• _EXERCISE AIM_
Range to repeat from the listing below: the line containing "Усилительная схема представляет" down to the line containing "1 ensemble raimbow", both included. Copy it exactly, pictures excluded, and add nothing else.

• _PROVIDED RECORDS_
● ● ● ● ●

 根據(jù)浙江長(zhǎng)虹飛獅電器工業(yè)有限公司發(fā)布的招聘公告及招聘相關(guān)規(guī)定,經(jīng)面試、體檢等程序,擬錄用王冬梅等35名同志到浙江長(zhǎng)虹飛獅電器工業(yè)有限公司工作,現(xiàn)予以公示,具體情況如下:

● ● ● ● ●

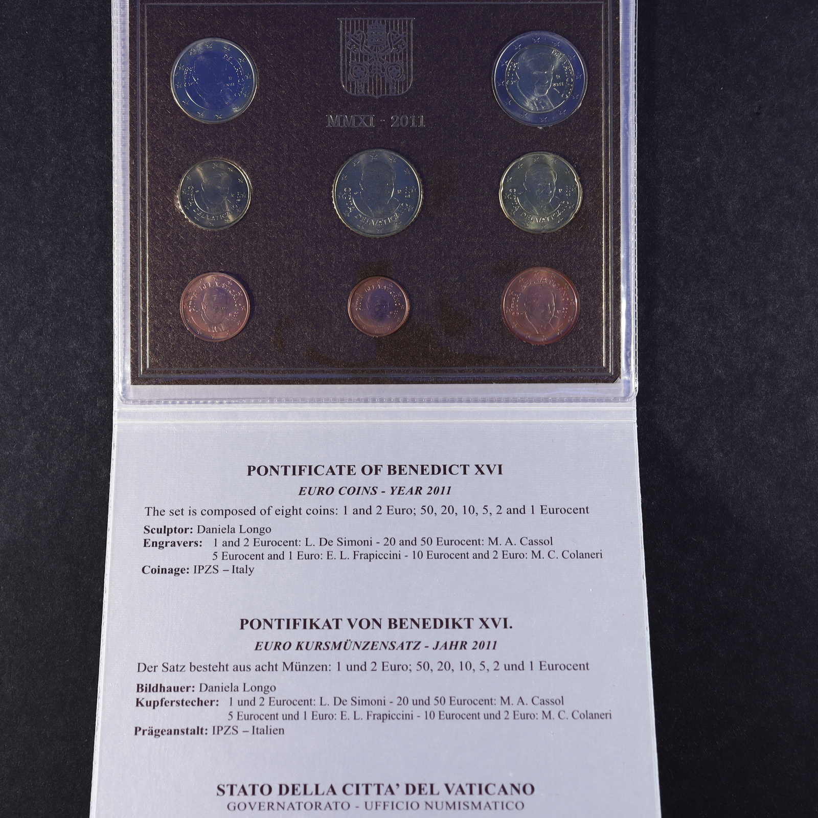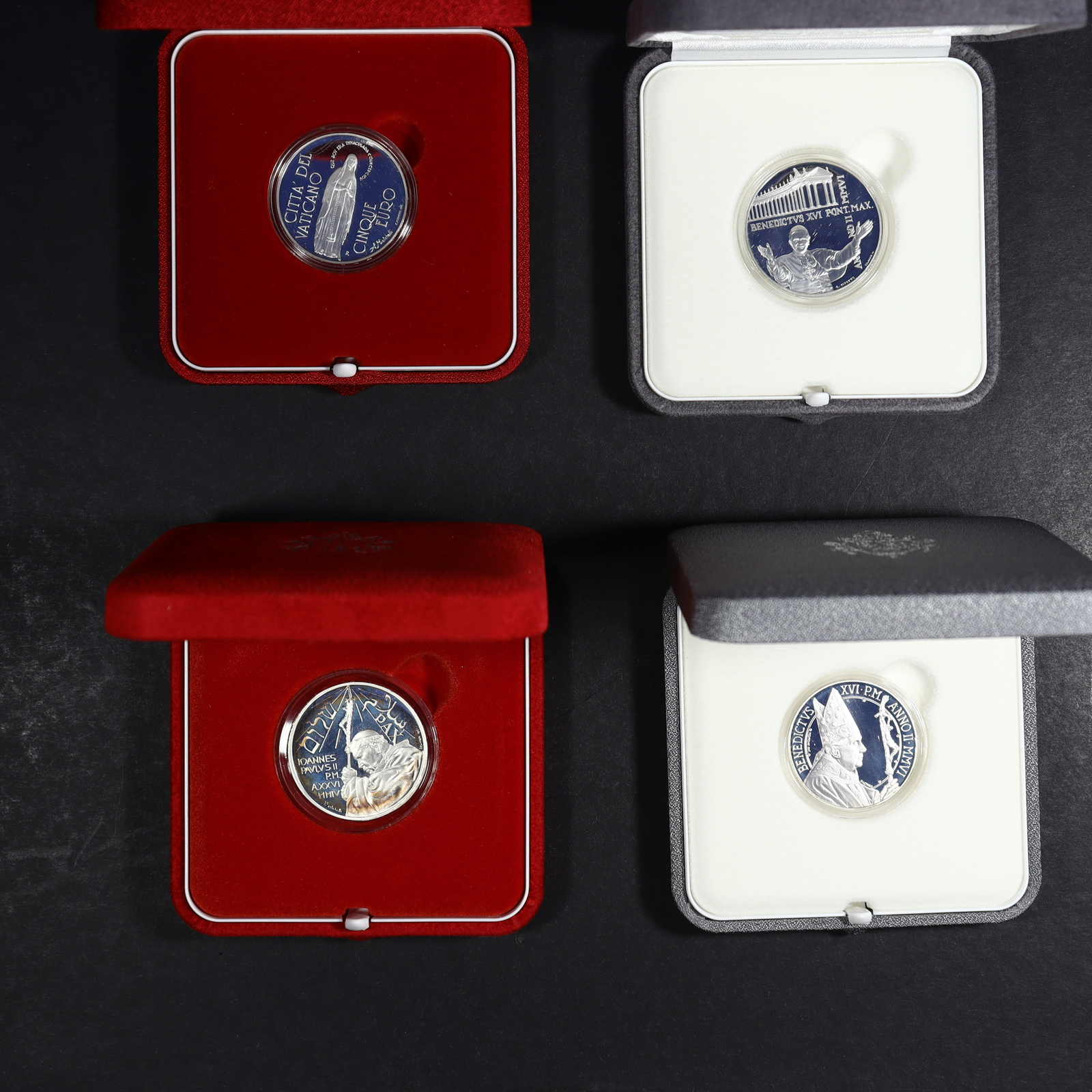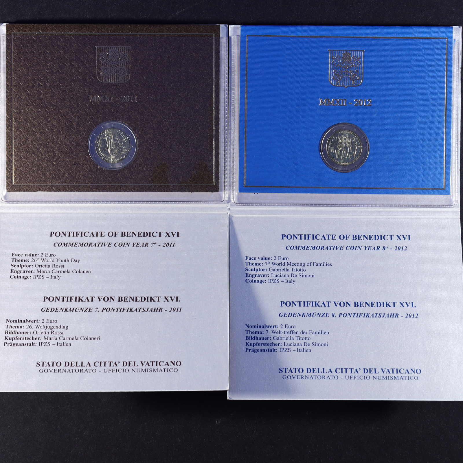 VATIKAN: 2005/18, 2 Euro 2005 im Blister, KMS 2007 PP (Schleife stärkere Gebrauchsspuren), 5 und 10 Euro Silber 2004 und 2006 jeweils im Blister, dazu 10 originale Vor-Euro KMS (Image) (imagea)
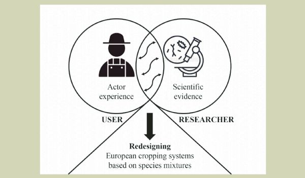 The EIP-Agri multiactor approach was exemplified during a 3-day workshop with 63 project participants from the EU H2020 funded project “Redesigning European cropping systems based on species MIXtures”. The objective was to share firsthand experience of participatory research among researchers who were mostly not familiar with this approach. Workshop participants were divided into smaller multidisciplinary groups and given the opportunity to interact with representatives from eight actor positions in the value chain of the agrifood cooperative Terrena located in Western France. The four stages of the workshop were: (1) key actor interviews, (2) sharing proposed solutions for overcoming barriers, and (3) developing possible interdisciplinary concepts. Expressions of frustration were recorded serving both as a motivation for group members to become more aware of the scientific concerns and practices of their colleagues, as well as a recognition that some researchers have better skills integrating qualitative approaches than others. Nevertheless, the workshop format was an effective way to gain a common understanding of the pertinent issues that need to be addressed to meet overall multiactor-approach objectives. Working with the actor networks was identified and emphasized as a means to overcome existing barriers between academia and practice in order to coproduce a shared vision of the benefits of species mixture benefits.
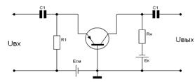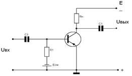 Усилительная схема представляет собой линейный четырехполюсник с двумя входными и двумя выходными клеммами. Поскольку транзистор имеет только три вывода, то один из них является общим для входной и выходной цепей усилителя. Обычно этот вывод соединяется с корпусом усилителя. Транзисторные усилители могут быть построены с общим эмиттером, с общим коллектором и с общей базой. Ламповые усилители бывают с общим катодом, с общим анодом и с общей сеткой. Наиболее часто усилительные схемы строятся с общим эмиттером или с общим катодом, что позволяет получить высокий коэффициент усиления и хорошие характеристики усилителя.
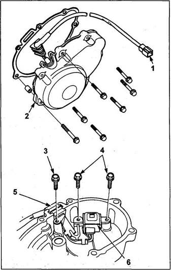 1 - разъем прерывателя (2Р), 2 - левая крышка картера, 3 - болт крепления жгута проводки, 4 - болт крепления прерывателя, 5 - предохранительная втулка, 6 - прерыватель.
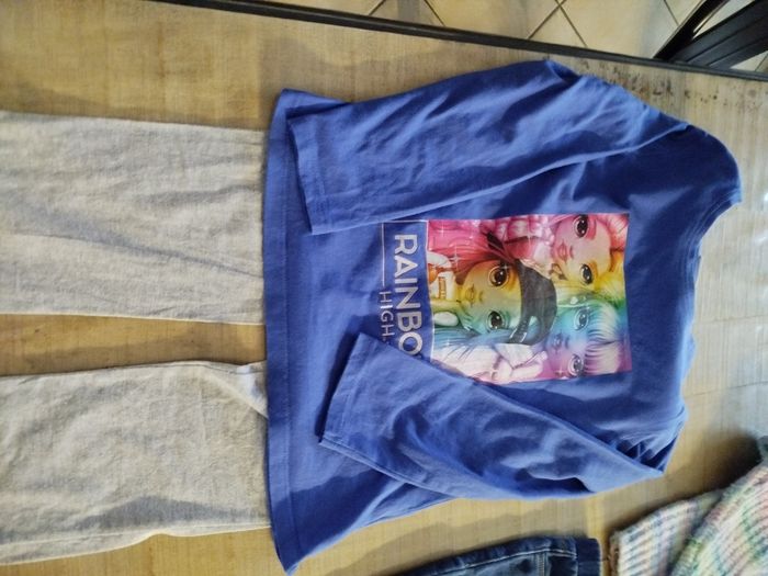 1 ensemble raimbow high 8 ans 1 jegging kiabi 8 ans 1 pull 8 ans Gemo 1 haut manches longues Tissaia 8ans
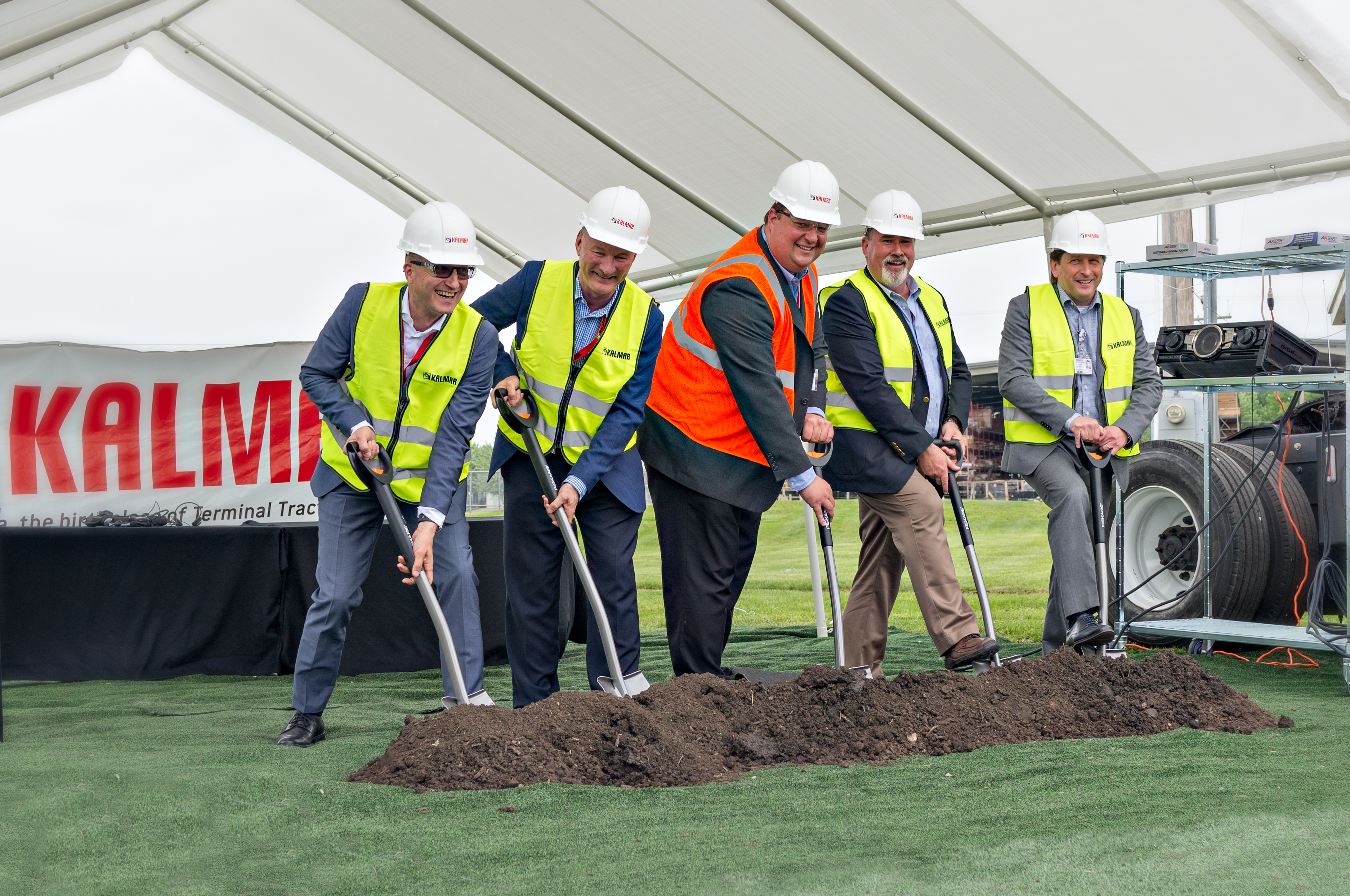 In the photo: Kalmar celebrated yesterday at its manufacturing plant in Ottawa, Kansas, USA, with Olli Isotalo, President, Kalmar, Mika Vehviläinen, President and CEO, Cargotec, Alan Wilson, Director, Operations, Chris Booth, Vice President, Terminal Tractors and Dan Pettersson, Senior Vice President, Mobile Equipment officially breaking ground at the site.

● ● ● ● ●

• _SOLUTION TO THE EXERCISE_
 Усилительная схема представляет собой линейный четырехполюсник с двумя входными и двумя выходными клеммами. Поскольку транзистор имеет только три вывода, то один из них является общим для входной и выходной цепей усилителя. Обычно этот вывод соединяется с корпусом усилителя. Транзисторные усилители могут быть построены с общим эмиттером, с общим коллектором и с общей базой. Ламповые усилители бывают с общим катодом, с общим анодом и с общей сеткой. Наиболее часто усилительные схемы строятся с общим эмиттером или с общим катодом, что позволяет получить высокий коэффициент усиления и хорошие характеристики усилителя.
 1 - разъем прерывателя (2Р), 2 - левая крышка картера, 3 - болт крепления жгута проводки, 4 - болт крепления прерывателя, 5 - предохранительная втулка, 6 - прерыватель.
 1 ensemble raimbow high 8 ans 1 jegging kiabi 8 ans 1 pull 8 ans Gemo 1 haut manches longues Tissaia 8ans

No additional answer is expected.